RHD genotyping is hampered by the highly homologous RHCE gene. Rearrangement of the two genes lead to RHD-RHCE hybrid genes with exons from one gene replaced by the corresponding exons of the other gene. This is a common molecular basis of partial RhD phenotypes and has to be considered in RHD-specific exon amplification by PCR methods [27, 28]. The most common partial D phenotype is category DVI, which is caused by replacement of RHD exon 5 and others. Our and other NIPT for the detection of RHD exon 5 would be negative. However, the detection of exon 7 would be positive and the anti-D prophylaxis is appropriate. The molecular basis of the partial D phenotype DBT is the RHD-RHCE hybrid gene with rearranged exons 5–7 or 5–9 [29, 30]. NIPT results would be negative, but the DBT phenotype is characterized by the presence of D epitopes that can immunize a D-negative mother. In such a case, the anti-D prophylaxis would be appropriate but would not be administered, because of the negative NIPT result for exons 5 and 7. However, DBT alleles (RHD*14) are rare in Caucasian and other populations. The NIPT analysis of a third exon, i.e., RHD exon 3 or exon 10, could further increase the safety of detection of RHD variants, and assays for qPCR have been published [14, 19].

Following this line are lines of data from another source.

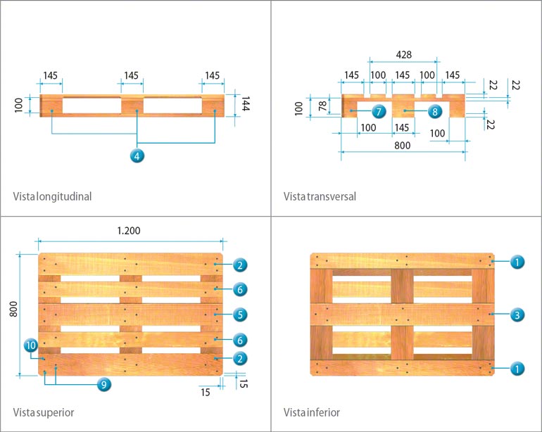 El palet europeo o europalet de 800 * 1,200 mm y sus derivados (½ y ¼ Pallets De Madera Medidas Los palets de madera son los soportes de mercancía más utilizados y hay distintos tipos según sus características. En este artículo, exploraremos los diferentes tipos de palets de madera homologados y sus medidas, ofreciendo una guía completa. Estos son algunos ejemplos de palets recuperados tratados para que vuelvan a estar como el primer día. ¿cuáles son los más extendidos?. En. Pallets De Madera Medidas.
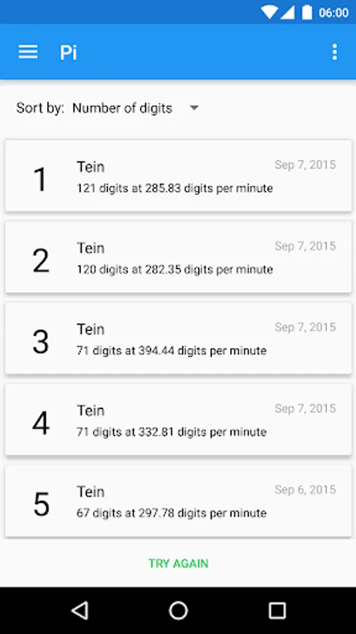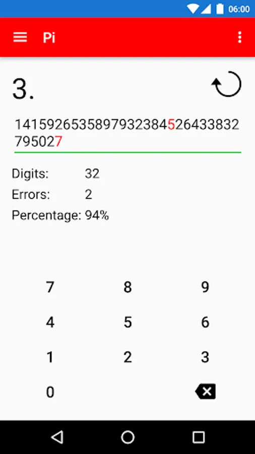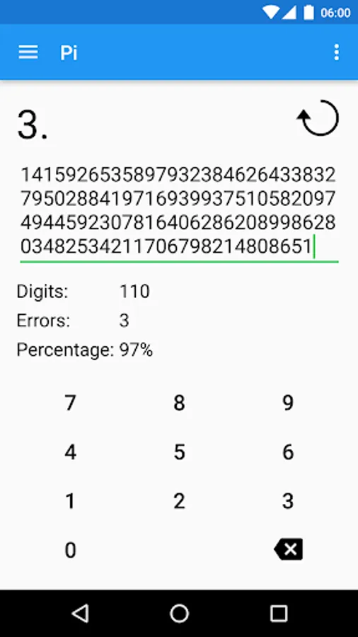 - Timed mode lets you type the digits from the beginning of the number and measures the time until the first error. See how many digits you typed per minute and improve on your achievements on the highscores page.
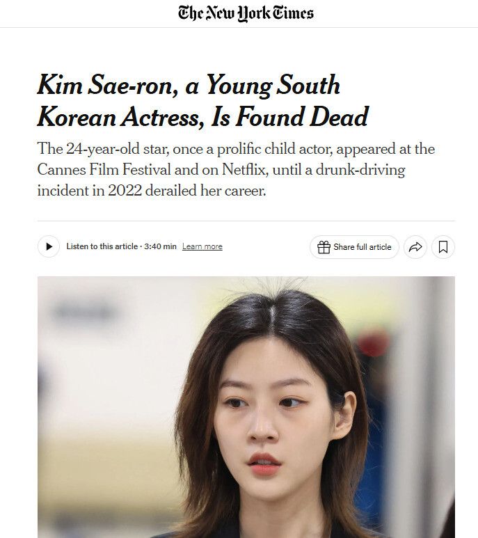 뉴욕타임스는 “한국에서 가장 칭송받는 젊은 배우 가운데 하나였던 김새론은 음주운전으로 유죄 판결을 받은 뒤 대중적 비판에 직면한 뒤로 어떤 쇼(작품)에도 출연하지 않았다”고 소개하며 “전문가들은 ‘(한국) 유명인들의 인기는 종종 흠잡을 데 없는 평판에 달려있다’라고 말한다”고 덧붙였다.
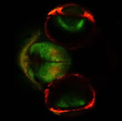 Kaede protein–綠色是未改變的,紅色是發生改變的,圖片由Robert Thorn(Creton Lab, 布朗大學)提供
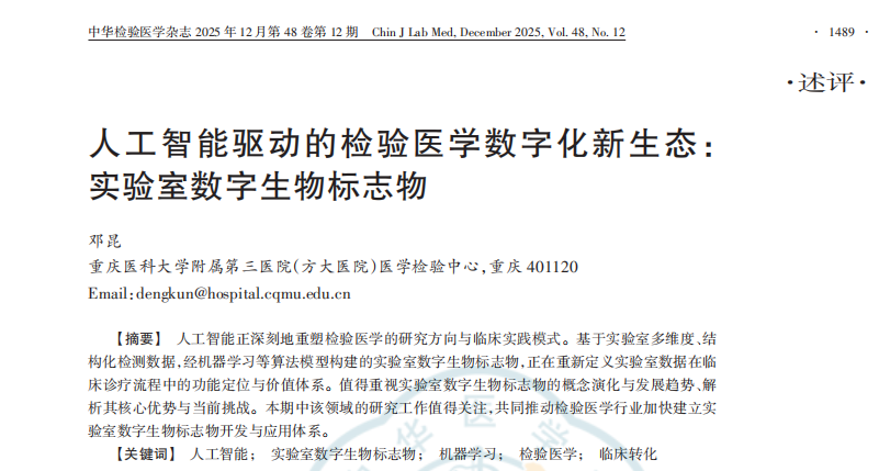 近日,一篇发表于《中华检验医学杂志》2025年第12期的述评文章《人工智能驱动的检验医学数字化新生态:实验室数字生物标志物》,系统阐释了人工智能(AI)如何深度重塑检验医学的科研与临床实践。文章指出,基于机器学习等AI技术构建的“实验室数字生物标志物”,正推动检验医学从“测量疾病”向“理解疾病”的模式跃迁,标志着该领域迈入智能化发展的新阶段。文章作者、重庆医科大学附属第三医院医学检验中心的邓昆教授在文中强调,随着检验医学进入多组学、高通量检测时代,数据维度激增但价值并未同步提升,存在“数据冗余”与“价值稀释”的矛盾。人工智能的崛起为破解这一困境提供了关键技术路径。从“单一指标”到“智能算法”:疾病风险评估的范式转变文章回顾了肾脏疾病标志物的演进历程,清晰展现了这一转变:从早期依赖血肌酐、尿素氮等单一指标,到使用eGFR等复合公式,再发展到如今融合实验室数据、蛋白组学与电子病历信息的AI模型(如KidneyIntelX),实现了从“公式模型”到“智能算法模型”的跨越。这种由AI驱动的“实验室数字生物标志物”,其核心在于利用算法挖掘海量、多维度实验室结构化数据中隐含的复杂关联与动态模式,从而实现对疾病更早期、更精准的风险预测、个体化分层和疗效评估。值得关注的是,LDB已不再停留于学术概念,正加速走向临床落地。文中列举了多个获得国际监管机构批准的典型案例:败血症风险评估:Prenosis公司开发的Sepsis ImmunoScore?于2024年4月获美国FDA批准,成为首个用于败血症风险评估的LDB,通过22项实验室与临床变量生成风险评分,辅助临床早期识别。糖尿病肾病进展预测:Renalytix AI开发的KidneyIntelX.dkd?于2023年获FDA批准,用于预测糖尿病肾病进展风险。2025年9月,基于AI的Kidney Klimisk Algorithm也获得了欧洲CE认证。肿瘤早期筛查:如肝癌早期检测模型GALAD等,能在常规肿瘤标志物未显著异常时,通过识别多维模式的细微变化实现早期预警,性能(AUC值)显著优于传统单指标方法。同期《中华检验医学杂志》也刊发了多项国内研究成果,例如基于机器学习构建的肺癌预测模型、老年噬血细胞综合征死亡风险预测模型等,展示了我国在该领域的积极探索。文章同时指出,LDB的发展仍面临技术与监管的双重挑战。数据标准化与互操作性是跨机构推广的瓶颈;AI模型的“黑箱”特性影响临床信任,提升可解释性至关重要;在性能评价上,需超越仅看AUC值的局限,引入校准度、临床决策曲线分析等更贴近临床实际价值的指标。此外,必须建立符合医疗器械监管要求(如中国NMPA、美国FDA、ISO标准)的完整研发与审批体系,确保其安全性、有效性与可追溯性。展望未来,LDB的发展将走向体系化建设。文章提出,需深度融合实验室信息系统(LIS)、医院信息系统(HIS)与AI引擎,打造具备自主学习与决策支持能力的“实验室智能中枢”。同时,推动多模态数据融合(整合检验、病历、影像等信息),建立标准化的模型评估框架,并通过产、学、研、医深度协同,加速创新成果向可落地、可监管的临床产品转化,最终构建具有自主创新能力的中国检验医学AI诊断技术体系。人工智能正催生检验医学的新生态,使实验室从数据生产者转变为临床智能决策的关键支持者。尽管前路仍有挑战,但抓住AI赋能的历史机遇,聚焦标准化、可解释性与临床转化,必将推动检验医学在数字健康与精准医疗时代实现全面跃升。引用本文:邓昆. 人工智能驱动的检验医学数字化新生态:实验室数字生物标志物[J]. 中华检验医学杂志,2025, 48(12): 1489-1493. DOI: 10.3760/cma.j.cn114452-20251027-00604.声明:本微信注明来源的稿件均为转载,仅用于分享,不代表平台立场,如涉及版权等问题,请尽快联系我们,我们第一时间更正,谢谢!
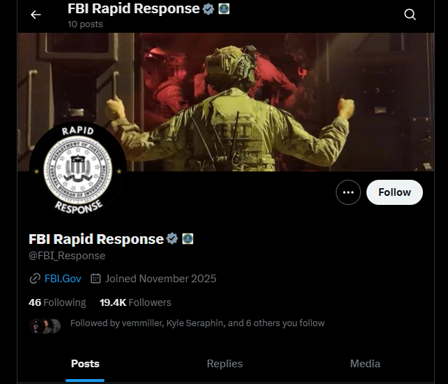 🚨#BREAKING: The FBI has launched a new X/Twitter account called FBI Rapid Response, created specifically to address and respond to @KyleSeraphin’s posts in real time.
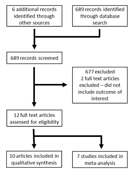 Following electronic and manual searches, a total of 12 full text articles were identified to have met the inclusion criteria. However, 2 of these did not include the outcome of interest. Three more studies were excluded from the quantitative analysis because of the use of different measures of glycemic control/utilization, but were included in the qualitative analysis. Subjects included in the studies were of similar age and sex ratio, and were treated with diet and/or oral hypoglycemic agents. The work flow for screening and assessment of journals are outlined in Figure 1.
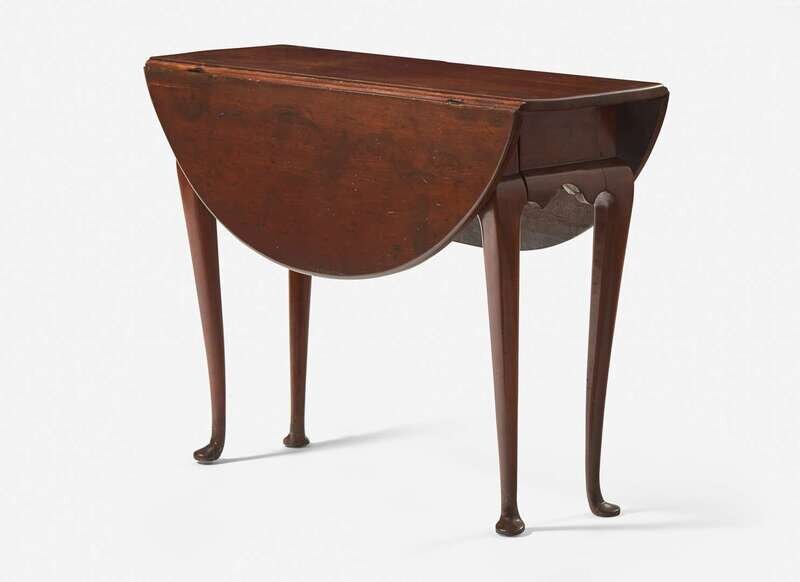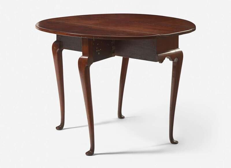Having an oblong top, flanked by D-shaped leaves, shaped apron, raised on cabriole legs ending in pad feet
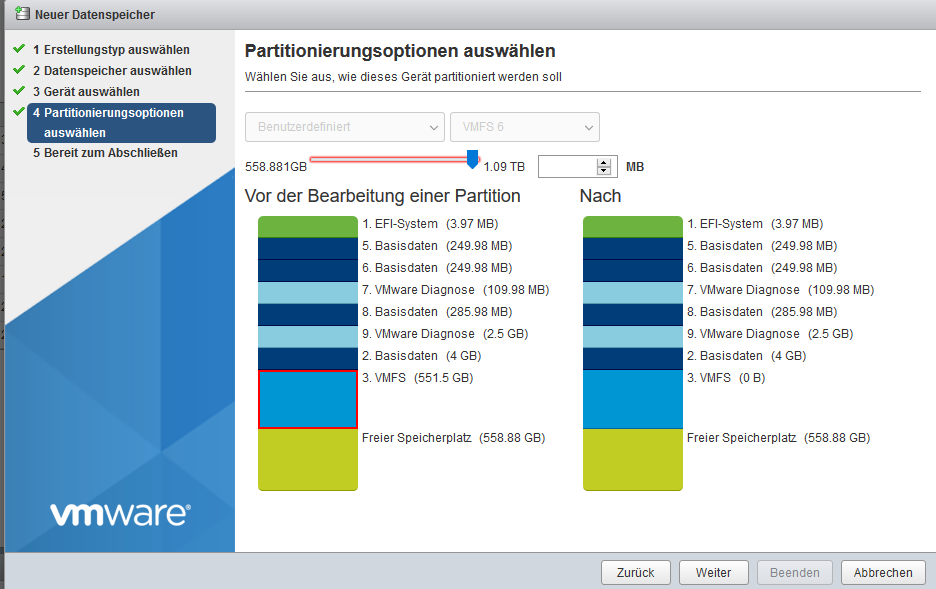 DataStore erweitern, wo zuvor ESXi drauf installiert war
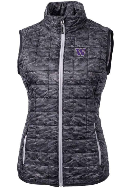 Gear up for the upcoming tailgate with the ultimate Washington Huskies Womens Black Vest. Stay warm in this Washington Rainier PrimaLoft Printed Puffer Sleeveless Jacket, which features a insulation that is crafted from 70% recycled plastic bottle polyester.
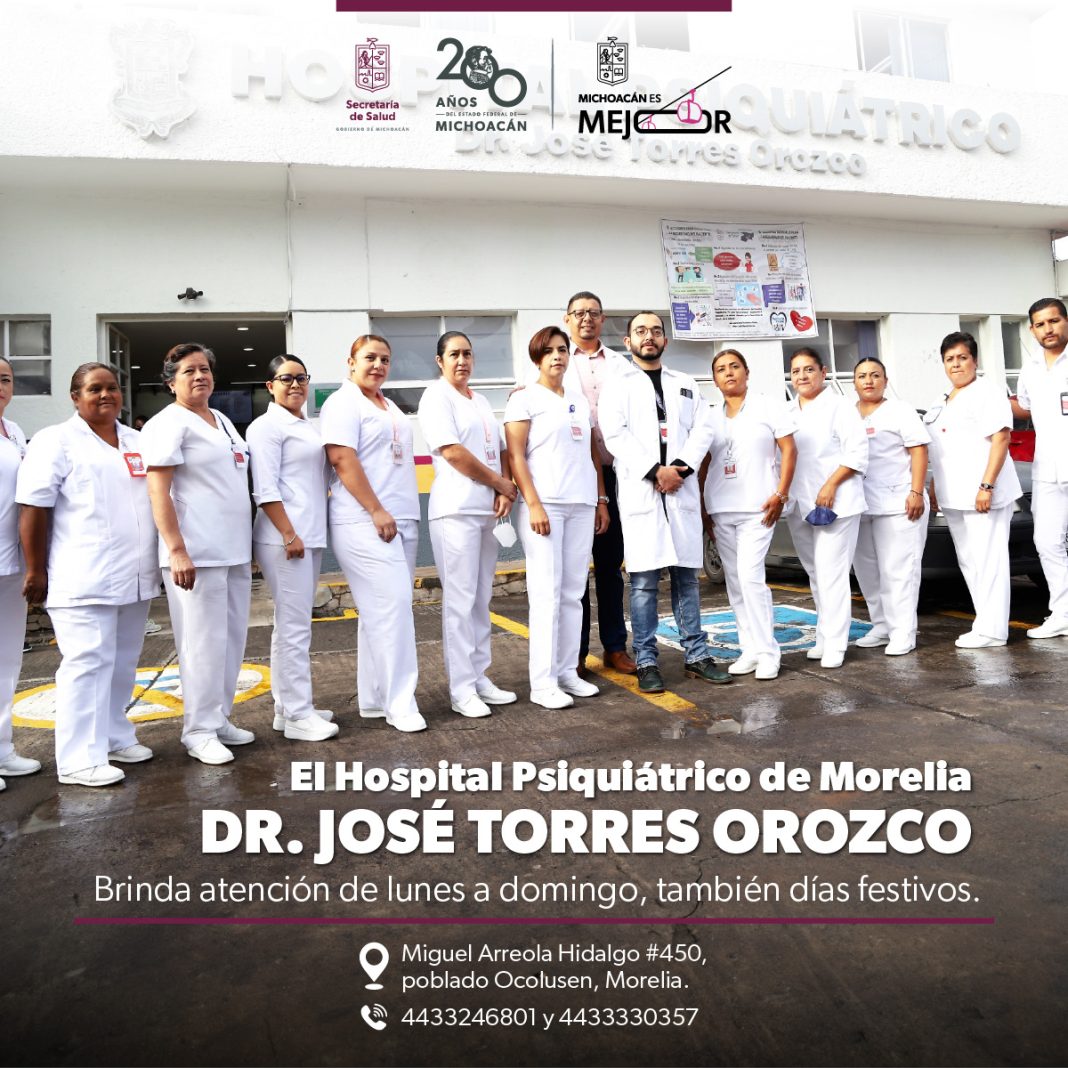 Las consultas en el Hospital Psiquiátrico de Morelia son de lunes a viernes de 8:00 a 20:00 horas, mientras que las urgencias las 24 horas del día. Este plantel se encuentra ubicado en la calle Miguel Arreola 450, en la colonia Poblado Ocolusen, en Morelia, con teléfonos 443 32 46801 y 443 333 0357.

In addition to Y-chromosomal markers, anonymous autosomal SNPs have been considered and investigated as control markers to prove the presence of fetal cfDNA in maternal plasma [19]. Recent progress in this field has mainly been based on massive parallel sequencing in order to detect paternally inherited SNP alleles in maternal plasma [31, 32]. We established and validated dPCR assays for three autosomal SNPs from the SNPforID panel [17] to demonstrate the feasibility of sensitive SNP typing from cfDNA. In 1% plasma mixtures, the targeted SNP alleles could be reliably detected. The assays showed very low backgrounds in the absence of the target allele. Our panel of dPCR assays will be extended to additional autosomal SNPs.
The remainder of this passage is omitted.